Date of Award


Degree Type


Degree Name

Master of Science in Biomedical Sciences

First Advisor

Lindon Young, PhD

Second Advisor

Robert Barsotti, PhD

Third Advisor

Cathy Hatcher, PhD


Protein kinase C epsilon (PKCε) activation is a central mediator of the cardioprotection conferred by myocardial ischemic preconditioning (IPC). PKCε activation via PKCε peptide activator (PKCε+, HDAPIGYD) prior to ischemia is a pharmacologic mimic of IPC. However, native PKCε+ requires the use of cell permeabilization methods, such as conjugation to known carrier peptides, for effective intracellular targeting to mitigate cardiac damage. Our study compares PKCε+ conjugated to either myristic acid (Myr- PKCε+) or transactivating (TAT) carrier peptide (YGRKKRRQRRR-CC- PKCε+) with native PKCε+ pretreatment and untreated control I/R hearts to evaluate the efficacy of these cell permeable peptide analogs in attenuating contractile dysfunction and infarct size after MI (30min)/R (90min). Infarct size was assessed by 1% triphenyltetrazolium chloride staining of heart tissue, which was evaluated using NIH ImageJ software pixel analysis and weight dissection analysis. ImageJ pixel analysis showed significantly reduced infarct size in the Myr-PKCε+ (29±1%, p<0.05) and TAT-PKCε+ (25±2%, p<0.01) pretreated hearts compared to native PKCε+ pretreated (34±2%) and control I/R hearts (35±2%).
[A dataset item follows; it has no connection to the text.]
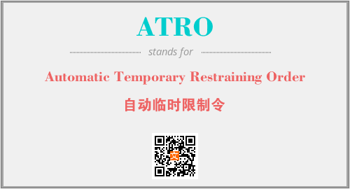 以上为Automatic Temporary Restraining Order英文缩略词ATRO的中文解释,以及该英文缩写在英语的流行度、分类和应用领域方面的信息。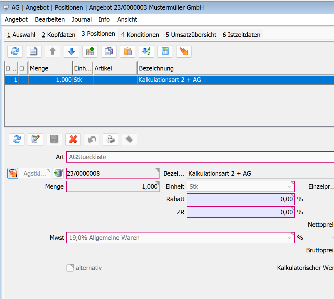 Dieser Abschnitt gilt ausschließlich für die Kalkulationsart 2. Information zu den Kalkulationsarten 1 und 3 finden Sie unter Klassische Angebotsstückliste.

By contrast, only TAT-PKCε+ pretreated hearts (26±2%, p<0.01) exhibited significant difference from native PKCε+ pretreated hearts (35±2%) and control hearts (36±2%) when evaluated via weight dissection. Despite significant improvement in infarct size, there was no significant improvement in post-perfused cardiac function across all groups. These results indicate that PKCε+ conjugation to either Myr or TAT significantly improved its efficaciousness in attenuating infarct size when given before ischemia. Further, this improvement was independent of cardiac function. These results suggest that Myr- or TAT-conjugated PKCε+ may be an effective treatment to attenuate cell death in coronary bypass or organ transplantation settings.